Кое-что рассказать Лихо мог. И до чего было бы проще, если бы ему разрешили рассказать все.
– Так… повздорили они с Бржимеком… и тот грозился, что по распискам этим через суд долги стребует… только не сейчас, а попозже… когда их побольше наберется… ты же отца знаешь… он решил, что раз есть деньги, то можно и жить по старому порядку…
– И ты всю ночь с бароном…
– Он поначалу со мной и говорить не хотел. Пришлось пить…
– Много?
Лихо кивнул и поморщился: пить он не любил. Опасался.
– И где пили?
– Да в клабе и пили…
– Значит, помимо Бржимека найдутся люди, которые подтвердят, что ты там был… очень хорошо…

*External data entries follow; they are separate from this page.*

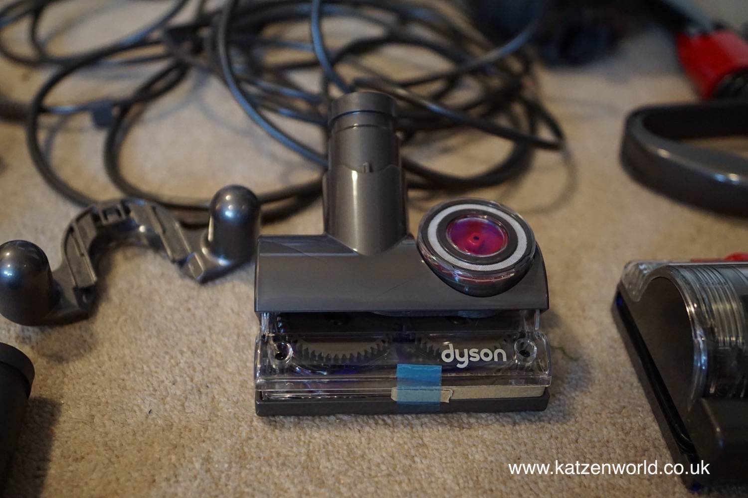 In common with other manufacturers, Dyson have brushes powered by the movement of air through the hose. The brushes work horizontally like a 4 toothbrushes tracing a pair of circles. As with all Dyson technology this isn’t difference just for the sake of it. The way that the brushes spin means that long hairs don’t get tangled up around a central spindle. Though we don’t have that problem with cat hairs, when we had a lodger with long golden locks we often had to take the scissors to our cleaner. In addition there are another couple of smart features which I liked about this tangle-free turbine tool. To control the amount of contact with the brushes there is a spring loaded base, gentle pressure on the head allows the brushes to contact the surface you’re cleaning. Release the pressure and they just skim the surface but with the suction going.
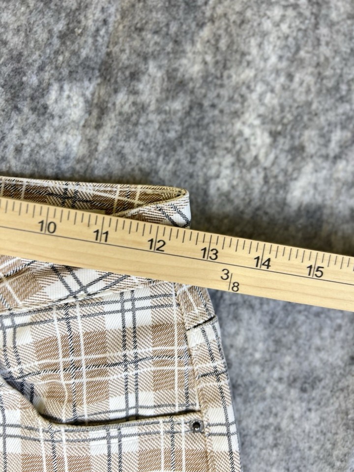 Guess Originals Women's High Rise Straight Pants Size 26 Plaid Tan White Stretch
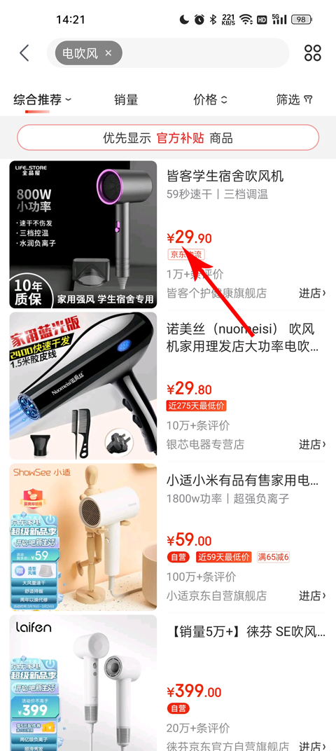 2、输入感兴趣的商品名称,搜索并浏览商品;
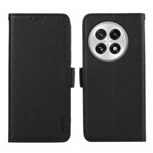 Funda de Cuero con Patrón de Lichi y Cierre Magnético Lateral para OnePlus 13 Abeel (Negro)

Себастьян почесал подбородок.
– А жене почему соврал?
– Да как-то… – Лихо покосился на луну, которая так и висела, точно к небу приклеенная.
Слушала. Подслушивала.
– Стыдно было… что он такой… она ж еще тогда старые долговые расписки повыкупила… а он снова…
– Дурень.
– Кто?
– Оба, Лишек, оба… он, видать, от природы. А ты – от избытку совести… – Себастьян повернулся и постучал пальцами по лбу Лихослава. – Вот скажи, мой любезный братец, чего должна была подумать твоя женушка, когда ты ночевать домой не явился…
– Я сказал, что…
– В поместье отправляешься… ну да, на ночь глядя отправился, а утречком рано вернулся. Чего ездил? Не понять… она ж не дура. Она понимает, что ты врешь. Вот только не понимает, в чем врешь. И значит, придумает себе то, что за правду примет. А главное, что потом ты ее не переубедишь…
Шаги Яцека Лихо издалека услышал. Быстрые. Торопливые даже. Яцек спешил и порой сбивался на бег, но тотчас вспоминал, что человеку его возраста и положения подобало не спешить, приличия соблюдая.

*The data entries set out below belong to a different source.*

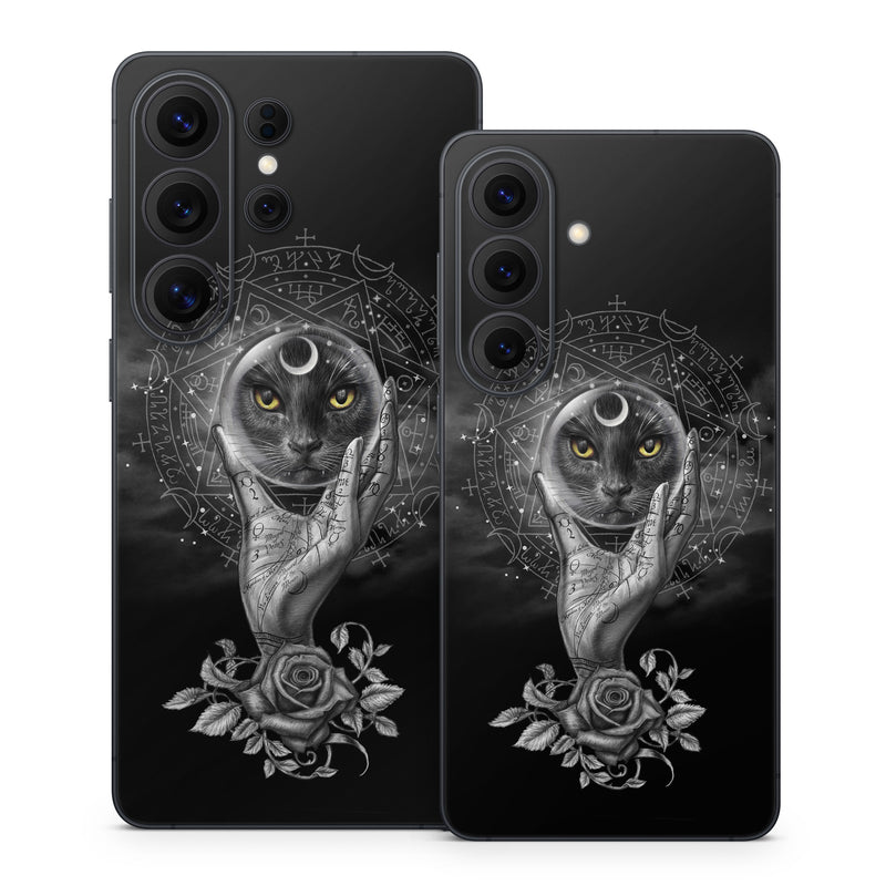 iStyles Samsung Galaxy S26 Series Skin design of Head, Eye, Flash photography, Painting, Headgear, Art, Font, Snout, Darkness, Owl, with black, white, gray colors, and tagged with animals, signs, flowers, people, objects, fantasy, cat, crystal, ball, roses.
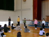 今日は、修了式を行いました。漢字や計算の表彰や、図書室からの表彰もありました。1年間で頑張ったことの発表では、学級の代表者が、漢字や計算、挨拶や外国語など自分が頑張ったこと、来年度頑張ることを大黄な声で堂々と述べていました。保護者の皆様、1年間本当にありがとうございました。今後ともよろしくお願いします。
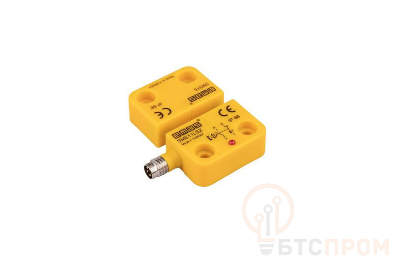 Датчик магнитный (1НЗ+1НО) разъем M8х4 (расст. сраб. 5мм) индикация LED левый выход IP68 EMAS SMS11LSZ-S15
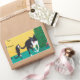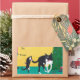 Ajoutez un peu de plaisir pour le chat et le chien avec ces autocollants personnalisés. Ils présentent une peinture d'un chat jouant avec une baguette et d'un chien se retournant pour voir ce qui se passe, près du sapin de Noël, par CherylsArt. A et De est le texte prêt à être imprimé, ou vous pouvez facilement modifier le texte sur le formulaire modèle.

– Братец, – Себастьян поднялся первым и руку подал, – тебя только за смертью и посылать…
– Там это…
Яцек выглядел растерянным. И встрепанным.
– Там…
Себастьян забрал сверток, в котором обнаружилась собственная Яцекова рубашка, которая Лихославу была безбожно мала, некий широкий и мешковатый пиджак с крупными перламутровыми пуговицами, а еще зачем-то кальсоны с начесом.
– Яцек, Яцек… – Себастьян поднял кальсоны двумя пальцами. – Старания в тебе много, а вот ума пока не хватает… но ничего, это дело наживное… Так чего там?

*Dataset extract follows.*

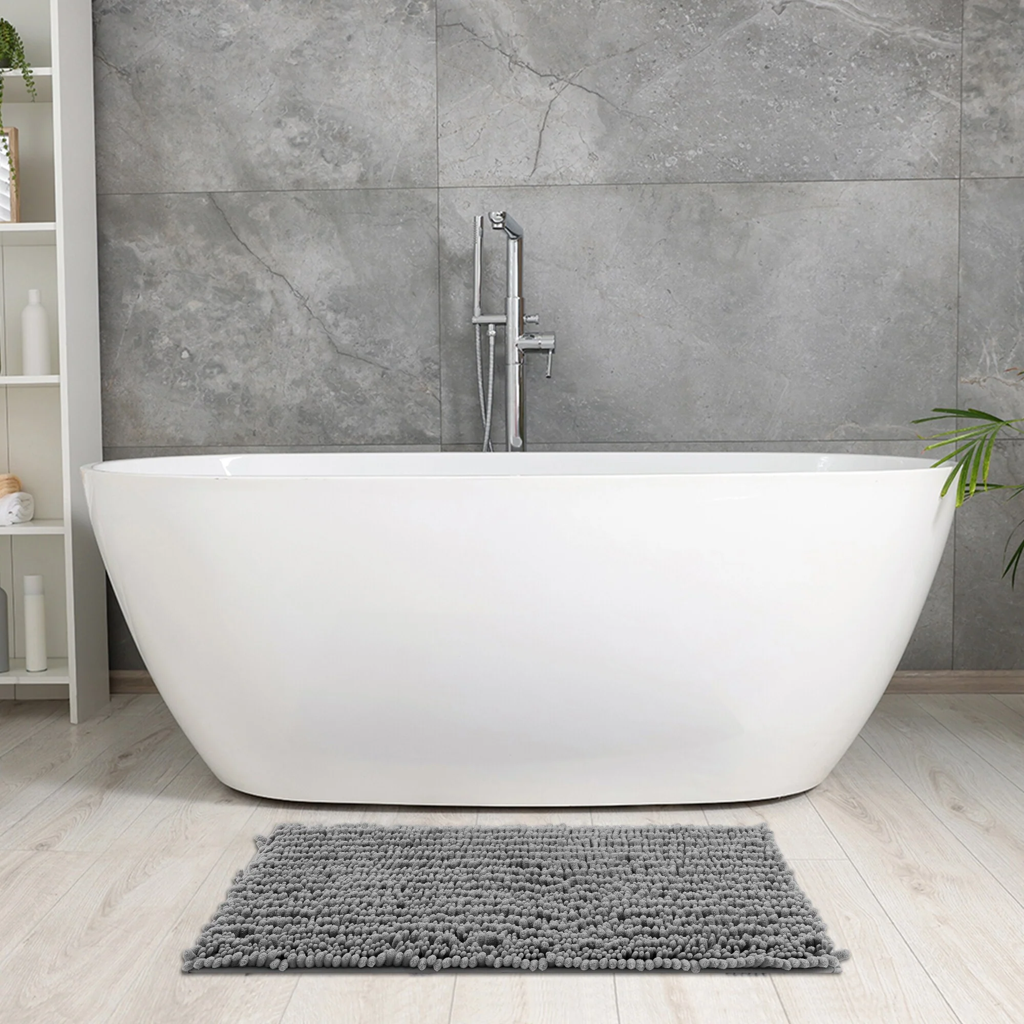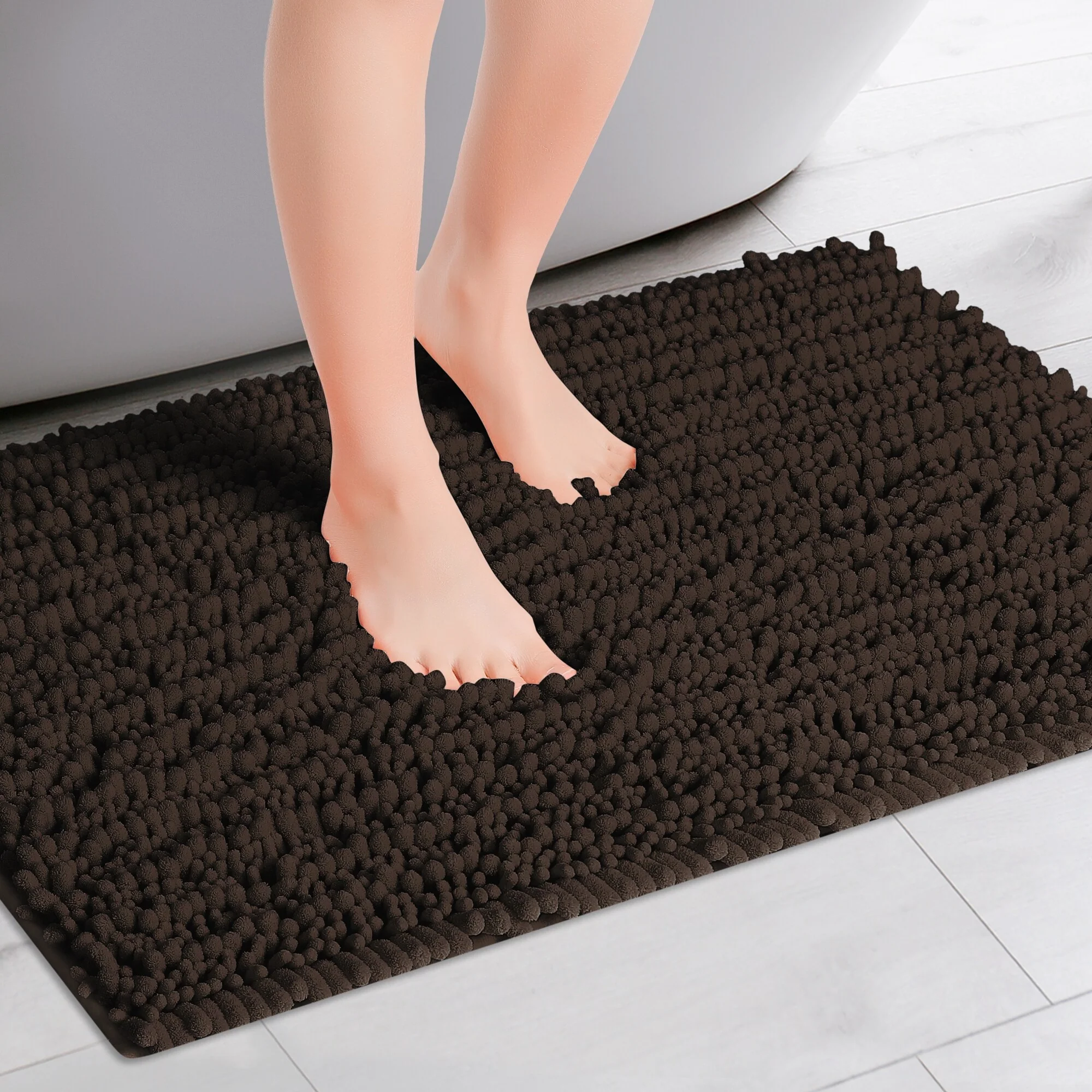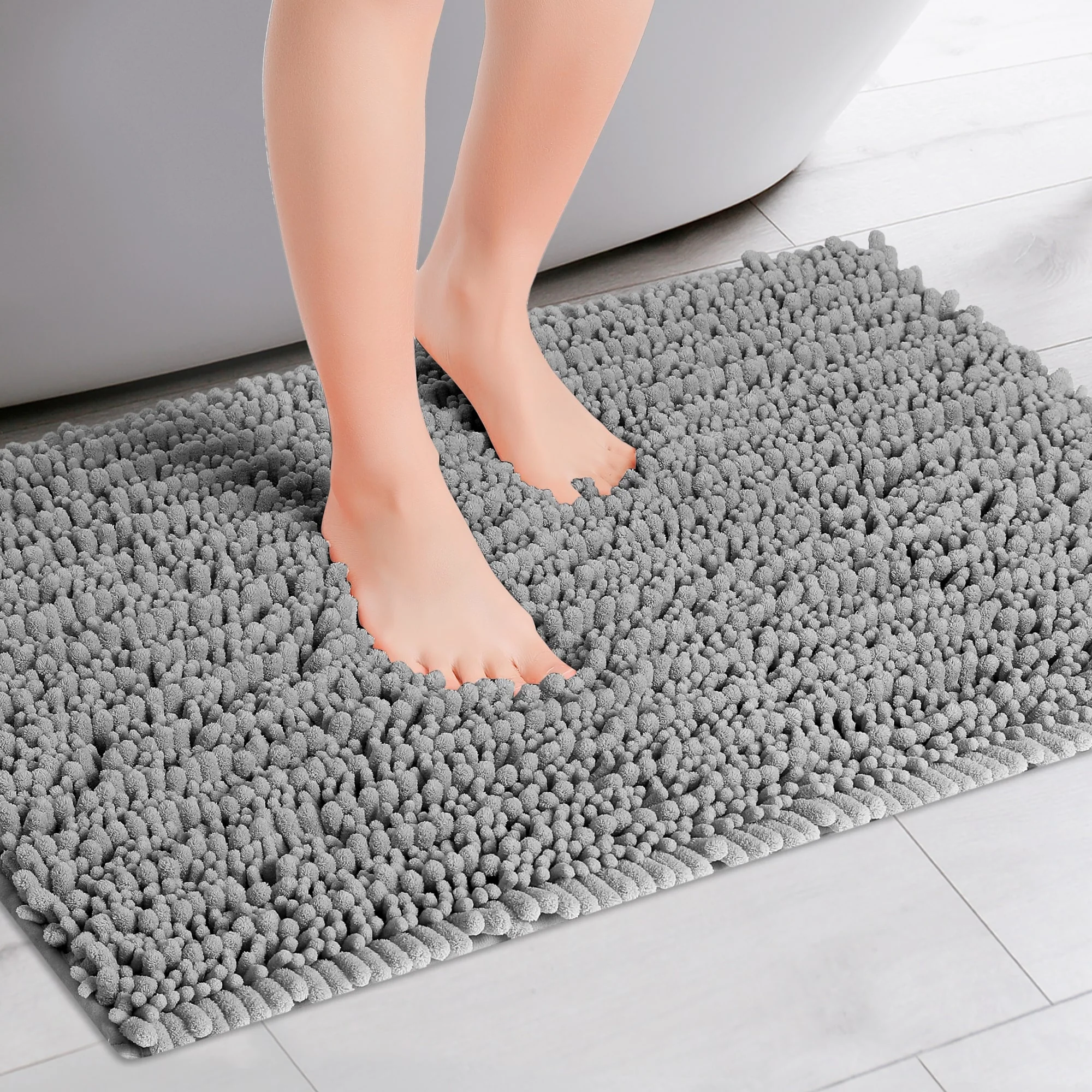 Chenille Bathroom Rugs Non-Slip Bath Mat, Plain Washable Soft Shower Mat, for Bathroom Floor

– Отец велел панну Евдокию из дому выставить и назад не пускать…
– Что?
В глазах потемнело.
Лихослав раньше не понимал, как это, чтобы потемнело… оказалось – просто. Пелена на глаза, темная, за которой ничего-то не видно.
Собственный пульс в ушах гремит. А в голове одно желание – вцепиться в глотку…
– Спокойно, Лишек… на вот, пиджачок примерь… – Бес сунул упомянутый пиджак в руки. – И угомонись… отомстить мы всегда успеем. В конце концов, Яцек мог недослышать… или сказать не так.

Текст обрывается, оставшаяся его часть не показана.